Zero-shot and Few-shot Learning with Instruction-following LLMs for Claim Matching in Automated Fact-checking
Dina Pisarevskaya, Arkaitz Zubiaga
TL;DR
The paper addresses claim matching (CM) in automated fact-checking under data scarcity by studying zero-shot and few-shot learning with instruction-following LLMs. It reframes CM as PD or NLI tasks via carefully engineered prompts and evaluates four models across short and long texts, introducing the ClaimMatch dataset.

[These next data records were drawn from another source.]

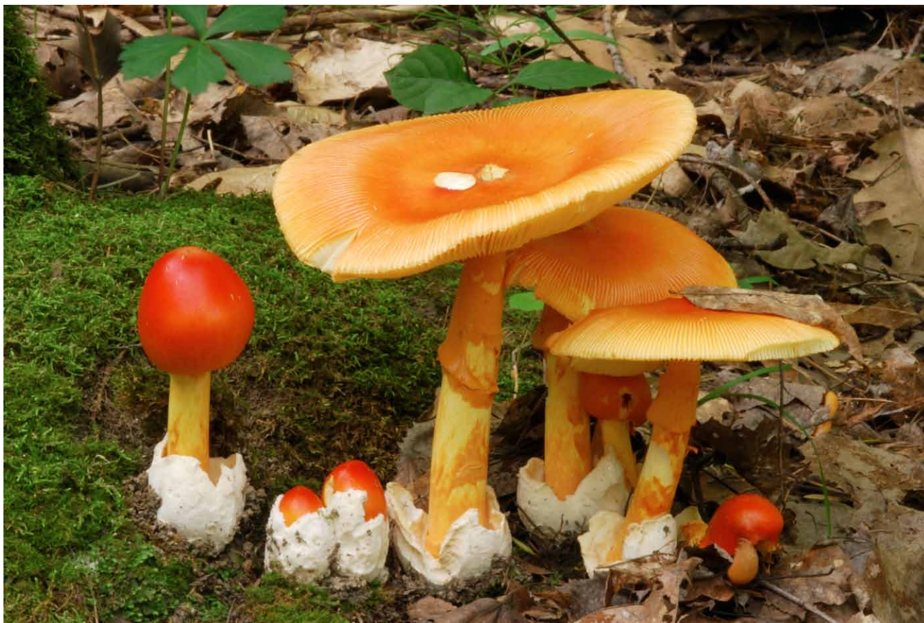
Fig. 1. Amanita jacksonii from a population in the province of Québec (Canada).

other Amanita genomes have been recently sequenced, A. brunnescens , A. polypyramis , and A. inopinata , with the aim of assessing the dynamics of transposable elements in EM and asymbiotic species within the genus (Hess et al. 2014). Amanita muscaria has also been used as a model for understanding the biosynthetic pathways of betalain pigments, which are commercially used to dye food and shown to have antioxidant properties (Hinz et al. 1997, Strack et al. 2003).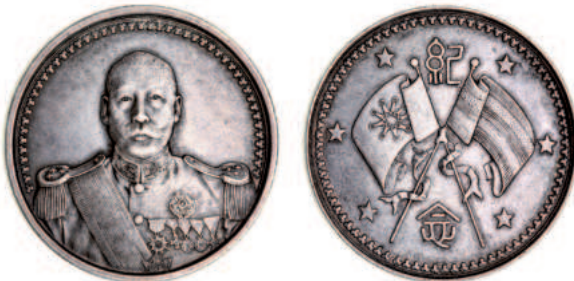
1708* China, Republic, Tsao Kun, silver medal (1923) (KM.XM1231) 3mm thick. Good very fine.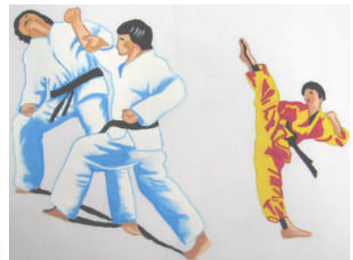
T4712-Exercise & Defense

Key findings show that PD and NLI prompts enable strong CM performance in few-shot regimes (e.g., Mistral with PD-6 reaching ~95% F1 and Gemini with NLI-5+PD-6 reaching ~97.2% F1), sometimes matching or approaching fine-tuned baselines, and that ensemble prompts can improve robustness. The work provides a practical CM pipeline, analyzes error modes, and proposes directions for dataset expansion and automated prompt search to advance data-efficient CM in real-world fact-checking.
Abstract
The claim matching (CM) task can benefit an automated fact-checking pipeline by putting together claims that can be resolved with the same fact-check. In this work, we are the first to explore zero-shot and few-shot learning approaches to the task. We consider CM as a binary classification task and experiment with a set of instruction-following large language models (GPT-3.5-turbo, Gemini-1.5-flash, Mistral-7B-Instruct, and Llama-3-8B-Instruct), investigating prompt templates. We introduce a new CM dataset, ClaimMatch, which will be released upon acceptance. We put LLMs to the test in the CM task and find that it can be tackled by leveraging more mature yet similar tasks such as natural language inference or paraphrase detection. We also propose a pipeline for CM, which we evaluate on texts of different lengths.